== Information shown ==

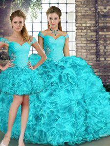 Aqua Blue Three Pieces Off The Shoulder Sleeveless Organza Floor Length Lace Up Beading and Ruffles Sweet 16 Quinceanera Dress
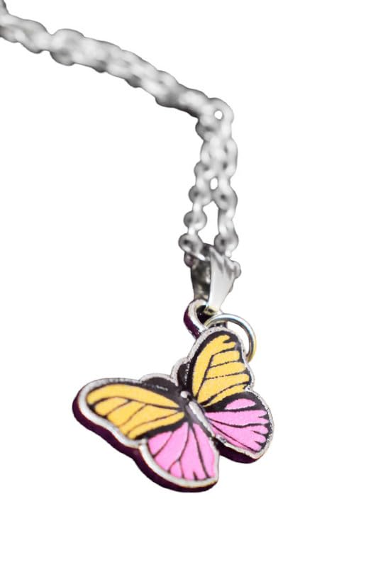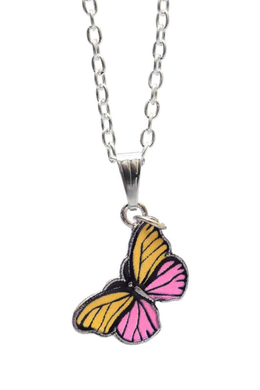 Generic - سلسلة بتصميم فراشة من فولاذ مقاوم للصدأ للنساء - أصفر ووردي
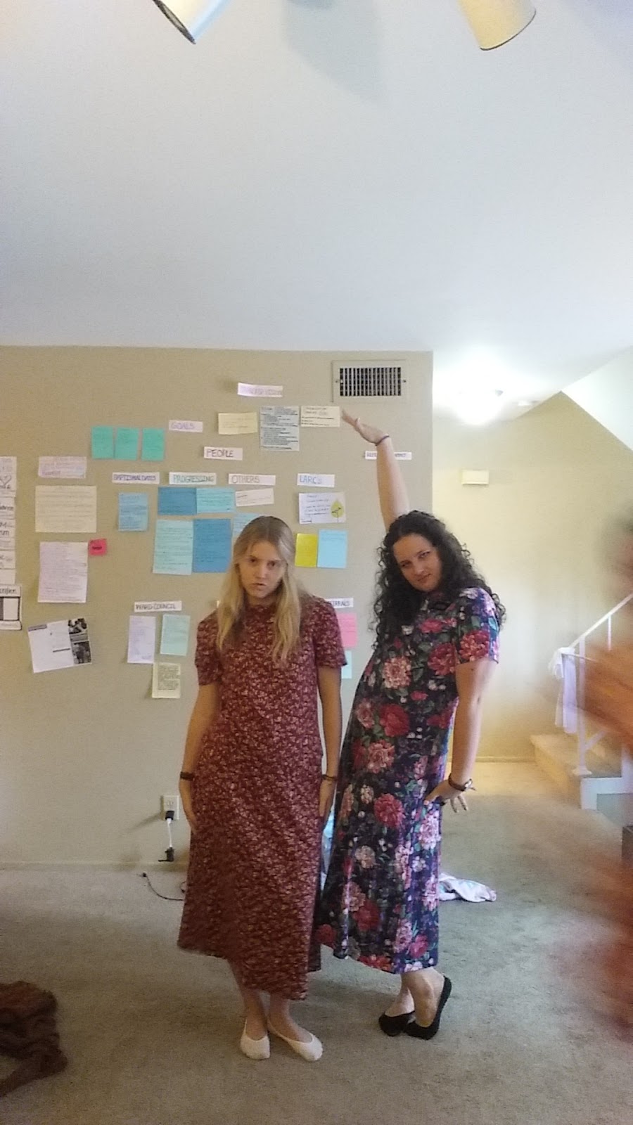 Today we didn't really have anything to do because we just had p-day four days ago, so we went to the goodwill and found some gems. See attached picture of sister Gillman and I. We will be sending this picture into Salt Lake as a possible new uniform for the Sister missionaries. Just kidding.
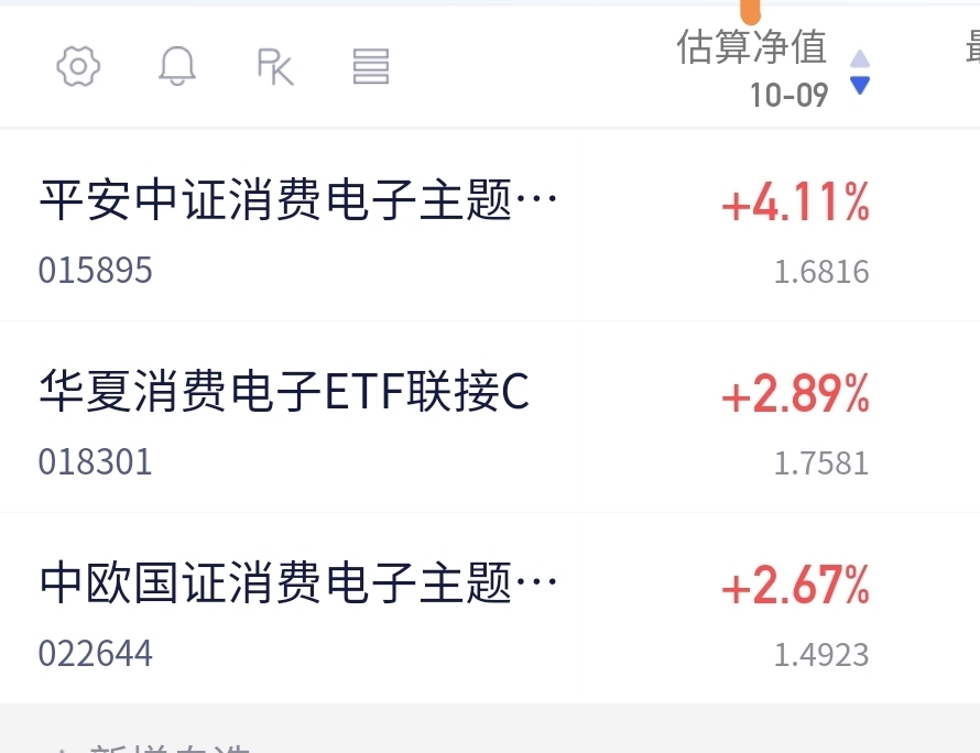 10月9日消费电子板块基金估值来了啦。$平安中证消费电子主题ETF发起式联接C$ 目前估值上涨4.11%,近3个月涨了54.33%,业绩十分出色啊。
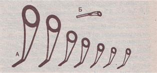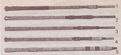 Рис. 5. Кольца для удилищ пропускные (А) и «тюльпан» (Б) Немаловажным для ловли является количество и форма колец. Чем больше колец на удилище, тем, как правило, лучше. Во-первых, нагрузка распределяется равномернее, а во-вторых, леса не прилипает к удилищу в сырую (дождливую) погоду. Наверное, поэтому снасть эта появилась в «стране туманов и дождей» — Англии, в то время как в солнечной Италии более популярен «телескоп» с меньшим количеством колец. Прилипшая к удилищу леса не дает возможности забросить легкую и даже среднюю по тяжести оснастку. Кольца должны стоять на длинных ножках (что препятствует прилипанию лесы) — тоже важный аспект, на который следует обращать внимание при покупке. Многих смущает внутренний диаметр колец — он очень мал. Действительно, если бы удалось поставить на удилище кольца большего диаметра, то заброс был бы дальше. Но тут мы снова сталкиваемся с проблемой перегрузки удилища, ведь чем больше кольцо, тем оно тяжелее. На самом деле, малый диаметр кольца, хотя и снижает дальность заброса (повышая трение лесы о кольцо), но облегчает удилище, тем самым, повышая скорость оснастки в начальный момент вылета. Поэтому заброс получается вполне приемлемым. Плюс к тому — использование тонких лесок. На таких удилищах практически никогда не применяются лесы толще 0,18 миллиметра, а такая леска отлично скользит даже через такие маленькие кольца. Малый диаметр концевых колец также является показателем качественного удилища. Рис. 6. Рукоятки удилищ Теперь о рукоятке и катушкодержателе (рис. 6). Пробка или резина — не имеет принципиального значения. Разве что вы не найдете приличного удилища с чисто резиновой ручкой. Пробка — это просто престижно, а никаких практических преимуществ она не дает. Приличные удилища могут иметь составную рукоятку. Чаще всего — это удилища крупных оптово-торговых фирм, недавно возникших на рынке рыболовных снастей. Подобные фирмы стараются как можно более снизить цену снасти, сохранив основные ее качества. Отсюда и составные рукоятки: низ — пробка, верх — резина, или наоборот (рис. 6, 1). Какой выбрать катушкодержатель — дело ваше. Бывает он трех типов: классический (винтовой, рис. 6, 2 и 6, 4), передний винтовой (рис. 6, 3) и «скользящие кольца» (рис. 6, 5). Первые два, хотя и несколько тяжелее третьего, зато более надежны, и я рекомендовал бы их тем, кто собирается ловить «серьезную» рыбу. Но не следует думать, что третий тип катушкодержателя не надежен. Многие пользуются им даже для ловли карпа. В крайнем случае, если вам необходима 100 % — я надежность, можно закрепить кольца с помощью изоленты. Основное же преимущество, которое дает кольцевой катушкодержатель, — это не меньший вес, а возможность установить его «под руку», то есть в том месте, где вам будет удобнее. «Болонская» снасть (телескопическое удилище с кольцами) Так называемая «болонская» снасть по сравнению с «английской» позволяет ловить «глухим» поплавком на большей глубине, так как имеет большую длину удилища. Тут я сразу хочу предостеречь читателя от покупки длинных удилищ этого типа из стеклопластика. «Стекляшка» длиной 5 метров и более, оснащенная пропускными кольцами, практически не пригодна для ловли. Почему производители снастей оснащают кольцами очень толстые (мощные) стеклопластиковые удилища, — для меня остается загадкой. На худой кон

===

◆ **Your task**
In the data above, please extract the lines from the first one through the line with "10月9日消费电子板块基金估", exactly, and keep pictures out.

◆ **Your response**
 Aqua Blue Three Pieces Off The Shoulder Sleeveless Organza Floor Length Lace Up Beading and Ruffles Sweet 16 Quinceanera Dress
 Generic - سلسلة بتصميم فراشة من فولاذ مقاوم للصدأ للنساء - أصفر ووردي
 Today we didn't really have anything to do because we just had p-day four days ago, so we went to the goodwill and found some gems. See attached picture of sister Gillman and I. We will be sending this picture into Salt Lake as a possible new uniform for the Sister missionaries. Just kidding.
 10月9日消费电子板块基金估值来了啦。$平安中证消费电子主题ETF发起式联接C$ 目前估值上涨4.11%,近3个月涨了54.33%,业绩十分出色啊。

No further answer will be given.